Turning up his nose, Edwin nodded at Hereward’s beggar’s clothes. ‘These masks served you well when you were a youth, troubling your neighbours in Barholme. Your true face was always a sign of coming strife. As now.’
Hereward grinned. ‘I have travelled from Ely into these dangerous waters because you are needed.’
Edwin and Morcar exchanged a look. ‘By you?’
The warrior leaned forward, lowering his voice until it was barely a whisper. ‘By the English. You each have many loyal men. Two armies. Bring them together with my own in the east and we will have the numbers to drive the treacherous Normans out.’
Edwin snorted and shook his head. ‘And who would lead this army? You? A man made outlaw by his own father? A thief and murderer who cannot contain his own burning anger? You were always as much a threat to those around you as to those you faced.’
Hereward’s eyes narrowed. ‘I am not the man I was.’
Morcar lowered his head over his ale-cup. ‘No matter how big your army, the king can never be defeated.’
‘Yes, he defeated you once, in the north—’
‘And we were lucky to escape with our lives,’ Edwin interjected, eyes blazing.
Hereward leaned forward, hands outstretched. ‘You think you are
safe here? The king keeps you close where he can watch you. He keeps you well fed and drunk on mead, but a time will come when he will take away your land, and then your heads.’
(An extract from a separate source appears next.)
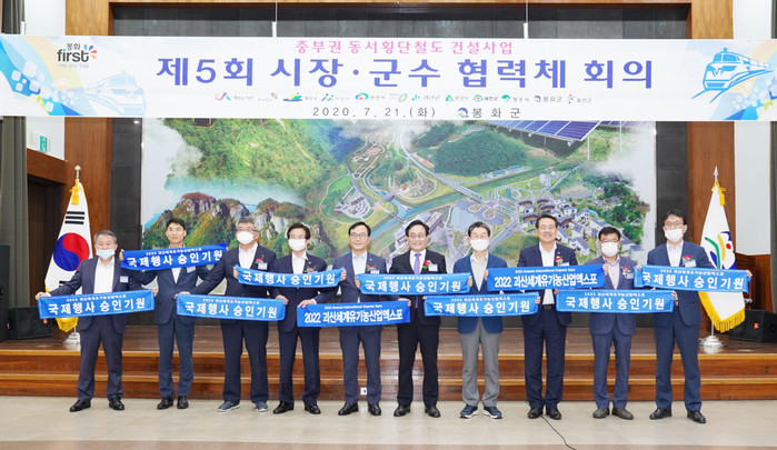 중부권 동서횡단 철도건설사업을 위한 제5회 시장·군수 협력체 회의가 21일 경상북도 봉화군청 대회의실에서 개최됐다.

‘Aye, that may well be,’ Morcar said, nodding slowly. ‘And we will be ready for him to make his move—’
‘You will not see it coming,’ the warrior insisted. ‘I have many plans in place, most of them hidden like serpents in the grass, ready to rise up and bite when the time is right. Only one thing holds me back – too few men. And we can change that here.’
‘I have no faith in you,’ Edwin said with a shake of his head. He glanced towards the door where two men were arguing in loud voices. ‘The north will rise up again soon. Were I to send my men to fight, it would be there. But I have done that once and almost paid the greatest price. No more. Let someone else fight the king. My brother and I will eat his food and enjoy the comforts of his court—’
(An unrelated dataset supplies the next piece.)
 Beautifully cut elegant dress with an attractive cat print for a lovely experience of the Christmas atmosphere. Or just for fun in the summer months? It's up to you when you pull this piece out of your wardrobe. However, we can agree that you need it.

‘While England burns and folk die?’ Hereward snapped.
‘Folk always die,’ Edwin said, rising. He beckoned to Morcar to follow. ‘This is not my worry.’ As the two nobles made to leave, Edwin turned back and said, ‘I have shown you a kindness here for your father’s sake. He was always a loyal thegn. But if I see your face here again, I will have you dragged before the king and your miserable life ended.’
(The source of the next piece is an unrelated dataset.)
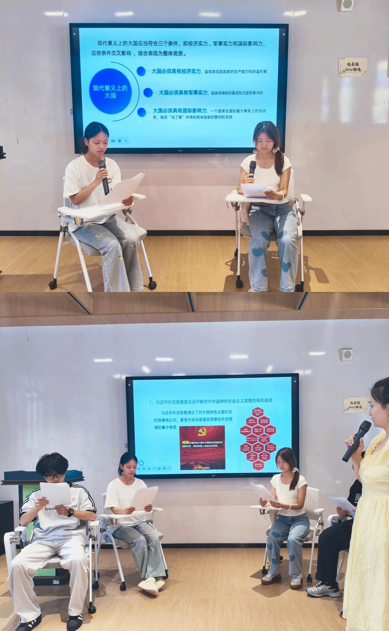 贺铭钰老师在点评环节进行了深入浅出的专业分析。她指出:"在全球治理实践中,大国与国际组织并非非此即彼的二元对立关系,而是相互依存、优势互补的合作伙伴。当今世界面临的复杂挑战,既需要大国展现政治意愿和资源动员能力,也需要国际组织发挥专业优势和协调作用。"贺老师特别强调:"青年学子在思考全球治理问题时,要避免陷入简单的'非黑即白'思维。真正的智慧在于理解不同主体的比较优势,探索最优的合作路径。"她的点评引发了在场同学的深入思考,为后续讨论奠定了理论基础。

Hereward watched the brothers stride out into the bright sunlight. He refused to be perturbed. His army needed to be built into a force that would make the king quake, and nothing – not even two haughty earls – would stand in his way.
CHAPTER ELEVEN
BUBBLES BROKE THE surface of the filthy marsh-water. A moment later the young man burst from the stinking surface, gasping and flailing and crying out in panic. Black mud streaked his face and hair and soaked his tunic. Laughter echoed across the wetlands from the slopes of Ely where the callow youths who wished to be warriors waited with their spears and their shields still smelling of fresh paint.